Hi SMSFAAA Team,
I have a fund with two years to audit (2020 & 2021).
The fund was in a TRIS in 2019, but did not take out the minimum for 2020. He turned 65 on 26/1/2021 so on this date it converted to ABP and he has taken enough out.
Can the SMSF account for the minimum not taken in 2020 as a ‘loan repayment’ on his in-house asset loan? Also, can the fund do this for the balance of the loan after it converts to ABP.
Please let me know.
Thank you in advance.
Kind Regards
Hi Jean
I assume the underpayment in 2020/21 was more than 1/12 of the minimum.
A pension payment has to be a cash payment so in my view no ability to do an entry against the loan balance. A lump sum payment can be taken in-specie in the form of an asset transfer.
If possible preferably the Fund would commute the TRIS (or change the amount that was in TRIS) in the year the pension was not paid to the minimum.
Based on the SIS legislation if the minimum pension has not been met the income stream ceases at the start of the year and the payments made in the year are treated as lump sum payments. Hopefully the member has an unrestricted non preserved component to allow the lump sum payments.

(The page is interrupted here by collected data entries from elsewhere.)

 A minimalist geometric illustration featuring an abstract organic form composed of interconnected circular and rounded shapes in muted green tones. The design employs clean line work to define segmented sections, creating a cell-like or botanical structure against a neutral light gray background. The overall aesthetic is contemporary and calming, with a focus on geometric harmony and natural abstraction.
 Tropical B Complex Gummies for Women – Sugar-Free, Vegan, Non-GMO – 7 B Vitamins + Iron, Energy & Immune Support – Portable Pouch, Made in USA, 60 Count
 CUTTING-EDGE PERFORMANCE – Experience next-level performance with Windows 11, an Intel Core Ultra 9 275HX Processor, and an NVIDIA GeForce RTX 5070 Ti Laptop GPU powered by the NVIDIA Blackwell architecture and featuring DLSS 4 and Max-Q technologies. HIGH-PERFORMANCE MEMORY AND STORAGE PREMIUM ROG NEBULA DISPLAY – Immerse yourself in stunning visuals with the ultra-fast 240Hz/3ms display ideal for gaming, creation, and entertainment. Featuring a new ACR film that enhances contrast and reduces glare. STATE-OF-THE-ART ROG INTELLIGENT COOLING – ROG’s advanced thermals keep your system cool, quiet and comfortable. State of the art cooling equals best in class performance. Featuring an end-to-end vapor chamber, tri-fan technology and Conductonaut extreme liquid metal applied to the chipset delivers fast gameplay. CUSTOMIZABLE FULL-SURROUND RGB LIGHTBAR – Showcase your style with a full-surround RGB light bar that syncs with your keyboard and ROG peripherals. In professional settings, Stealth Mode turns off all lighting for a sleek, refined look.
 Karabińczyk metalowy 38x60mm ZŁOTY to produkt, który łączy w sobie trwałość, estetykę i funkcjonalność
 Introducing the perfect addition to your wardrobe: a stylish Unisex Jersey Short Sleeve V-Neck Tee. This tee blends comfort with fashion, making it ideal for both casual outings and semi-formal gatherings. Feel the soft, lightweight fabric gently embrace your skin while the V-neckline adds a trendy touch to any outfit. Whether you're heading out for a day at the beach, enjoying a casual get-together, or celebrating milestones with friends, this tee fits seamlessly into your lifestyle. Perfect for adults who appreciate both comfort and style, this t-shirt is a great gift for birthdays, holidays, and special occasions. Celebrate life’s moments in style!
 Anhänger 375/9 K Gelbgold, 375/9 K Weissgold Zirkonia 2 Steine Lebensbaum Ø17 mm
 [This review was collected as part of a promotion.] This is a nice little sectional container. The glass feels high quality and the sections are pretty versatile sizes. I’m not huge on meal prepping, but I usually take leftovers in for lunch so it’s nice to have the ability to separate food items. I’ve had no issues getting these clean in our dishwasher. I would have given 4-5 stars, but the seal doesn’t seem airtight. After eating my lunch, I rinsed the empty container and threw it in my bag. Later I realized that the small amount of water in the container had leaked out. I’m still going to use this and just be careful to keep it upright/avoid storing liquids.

There is guidance from the ATO in TR 2013/5 that supports this:
Income tax: when a superannuation income stream commences and ceases
The ruling states:
"Example 6: failure to meet minimum annual payment requirement - cessation of superannuation income stream
42. Bill is a member of the JKL Superannuation Fund (a self managed superannuation fund) and has commenced a superannuation income stream (an account based pension). The minimum annual payments required under clause 1 of Schedule 7 of the SISR 1994 were made to Bill during the 2010-11 and 2011-12 years.[24] At the start of the 2012-13 year the trustee of the JKL Superannuation Fund calculates that the minimum annual payment required to be made under clause 1 of Schedule 7 of the SISR 1994 for that year is $1,000.
43. During the 2012-13 year the trustee of the JKL Superannuation Fund makes a single payment to Bill of $50. As this amount is less than the minimum annual payment required, the superannuation income stream has not met the requirements of the SISR 1994 for the 2012-13 year. The superannuation income stream ceases for income tax purposes at the beginning of this income year, and the $50 payment is a superannuation lump sum.
44. This is the case even if Bill remains entitled to receive a payment from the superannuation fund in relation to the pension under the governing rules of the superannuation fund, or under general trust law concepts, in future years. If the relevant SISR 1994 requirements are again complied with in the 2013-14 year, this results in the commencement of a new pension."